Aim of the exercise
Every line from the one containing "한국건설기술연구원(원장 이태식, 이하" through the end of the listing below must be given again exactly, and nothing else; exclude pictures.

Dataset content
****
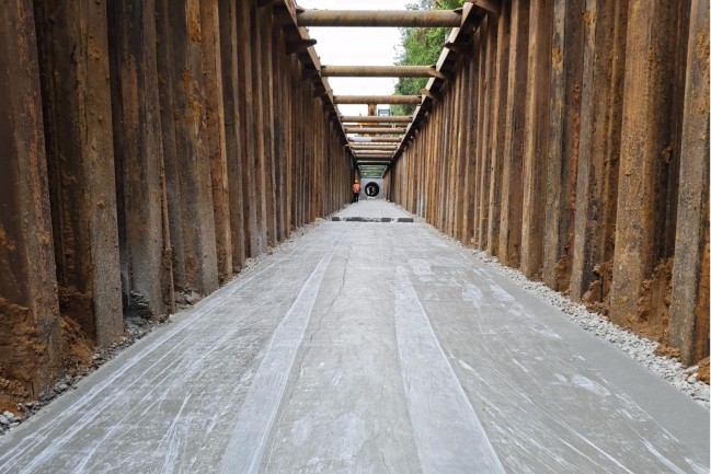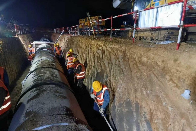 在廣東省湛江市中心城區重要點位地下管網更新改造項目一期工程現場,項目建設者已完成金德路與麻遂路交叉口設施設備更新項目350米鋼板樁支護、200米DN1650雨水管道安裝。項目部通過增加施工人員與機械、利用夜間施工趕進度等方式,積極協調解決柳青路南山涵洞、麻赤鐵路的圖紙與拆遷問題,為后續進場施工掃清障礙。
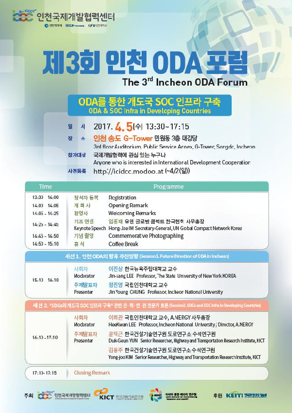 한국건설기술연구원(원장 이태식, 이하 KICT)은 인천국제개발협력센터(IC-IDCC) 및 아시아환경에너지연구원(A.NERGY)과 공동으로 4월5일 오후 1시 30분부터 ‘ODA를 통한 개도국 SOC 인프라 구축’이라는 주제로 ‘제3회 인천 ODA포럼’을 개최한다.
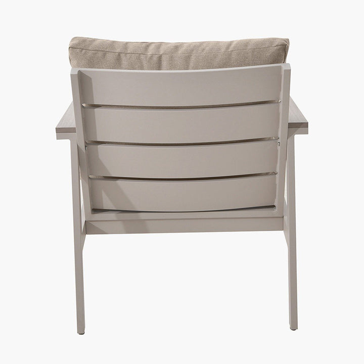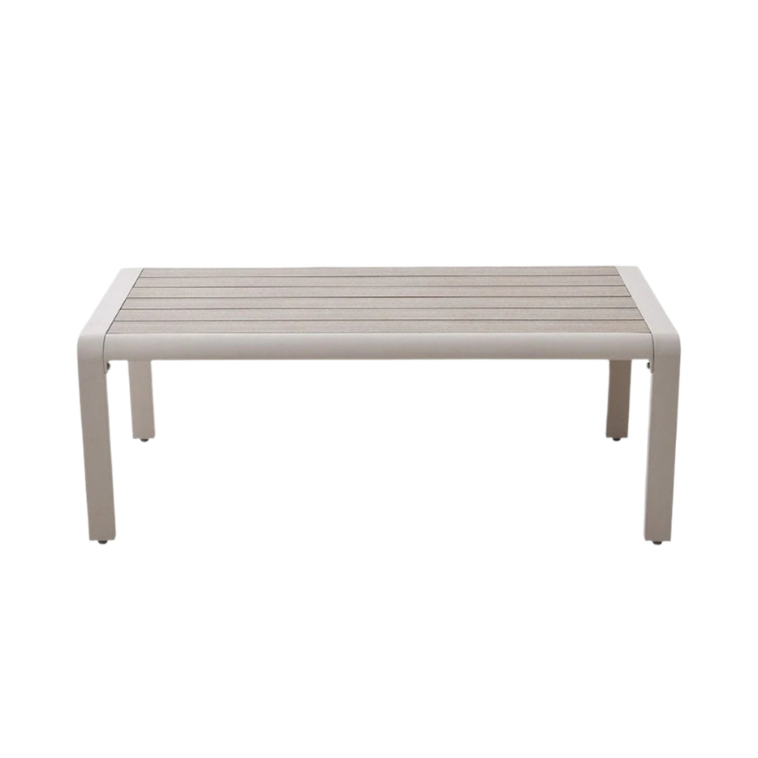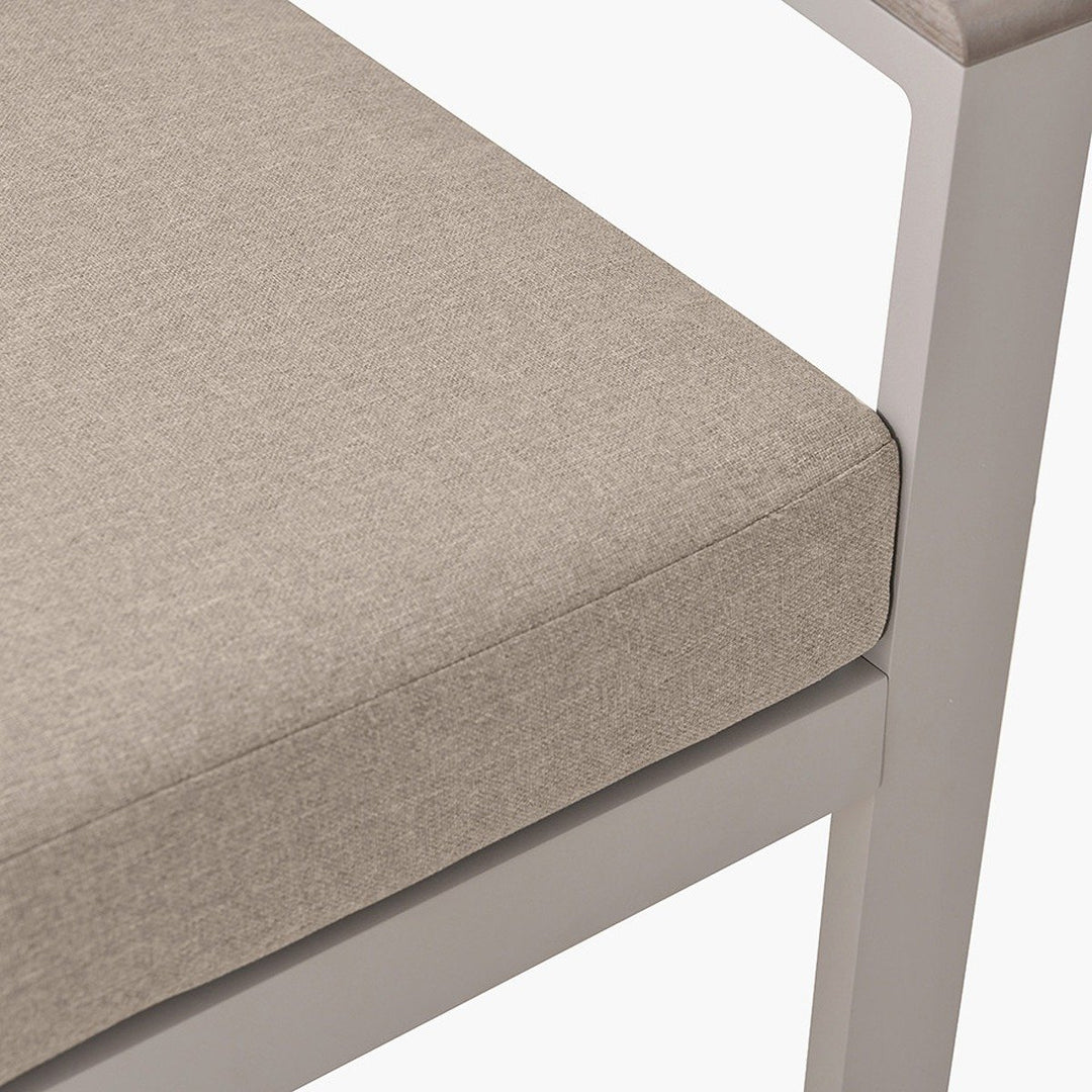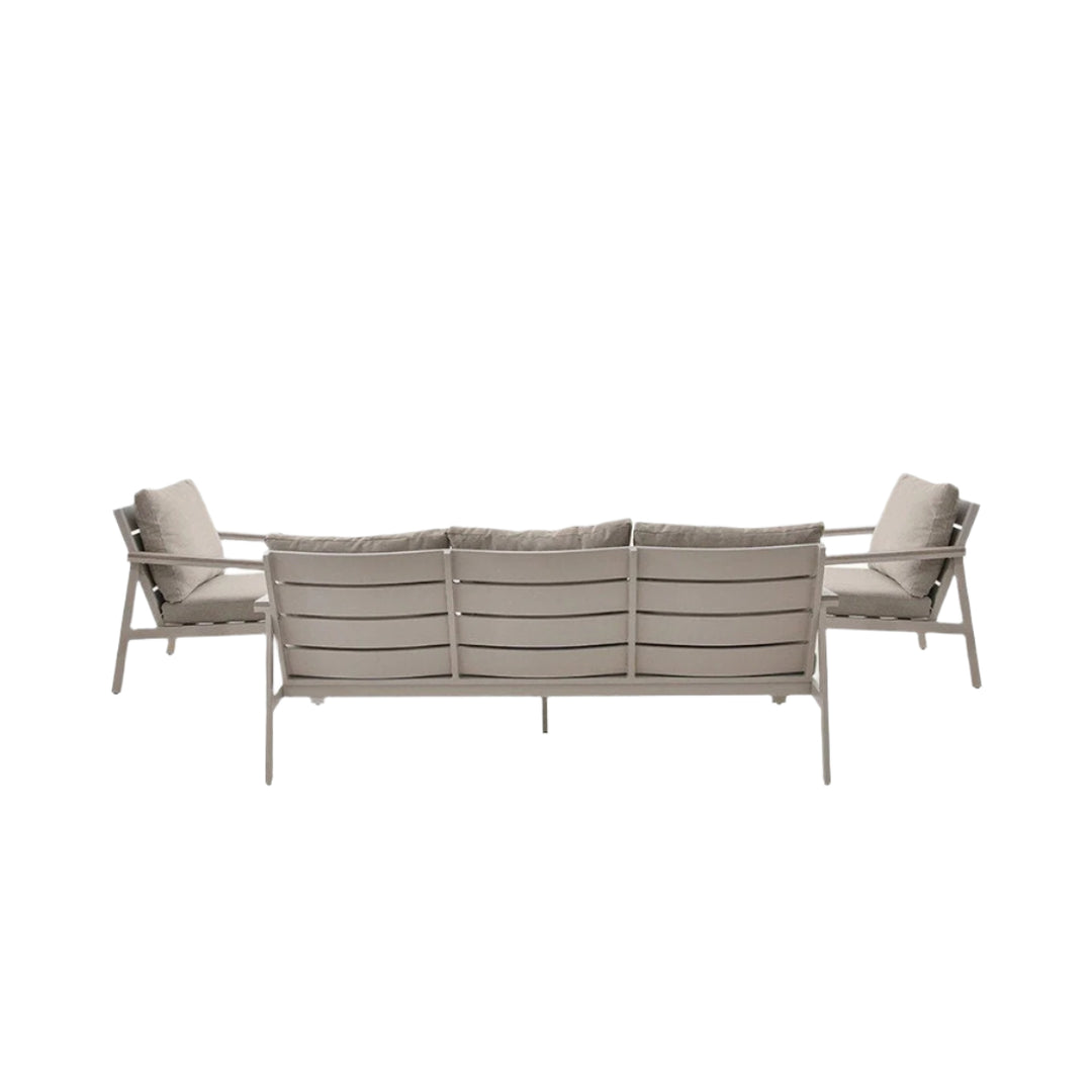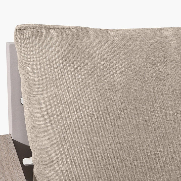 Upgrade your outdoor space with the sleek, contemporary Arona Outdoor Seating Set, designed for both style and comfort. This set includes a 2 Seater Sofa, 2 Armchairs, and a Coffee Table, all crafted from durable powder-coated aluminium in an elegant Latte finish. The frame is accented perfectly by the seat cushions being a Putty Olefin fabric. The Olefin fabric, an industry favourite is a synthetic fibre, highly resistant to staining and fading, quick drying, making it perfect for outdoor furniture. The outdoor coffee table is topped with glass and finished in an Ash wood effect, adding a sophisticated touch to this contemporary collection.
****
Problem solution
 한국건설기술연구원(원장 이태식, 이하 KICT)은 인천국제개발협력센터(IC-IDCC) 및 아시아환경에너지연구원(A.NERGY)과 공동으로 4월5일 오후 1시 30분부터 ‘ODA를 통한 개도국 SOC 인프라 구축’이라는 주제로 ‘제3회 인천 ODA포럼’을 개최한다.
 Upgrade your outdoor space with the sleek, contemporary Arona Outdoor Seating Set, designed for both style and comfort. This set includes a 2 Seater Sofa, 2 Armchairs, and a Coffee Table, all crafted from durable powder-coated aluminium in an elegant Latte finish. The frame is accented perfectly by the seat cushions being a Putty Olefin fabric. The Olefin fabric, an industry favourite is a synthetic fibre, highly resistant to staining and fading, quick drying, making it perfect for outdoor furniture. The outdoor coffee table is topped with glass and finished in an Ash wood effect, adding a sophisticated touch to this contemporary collection.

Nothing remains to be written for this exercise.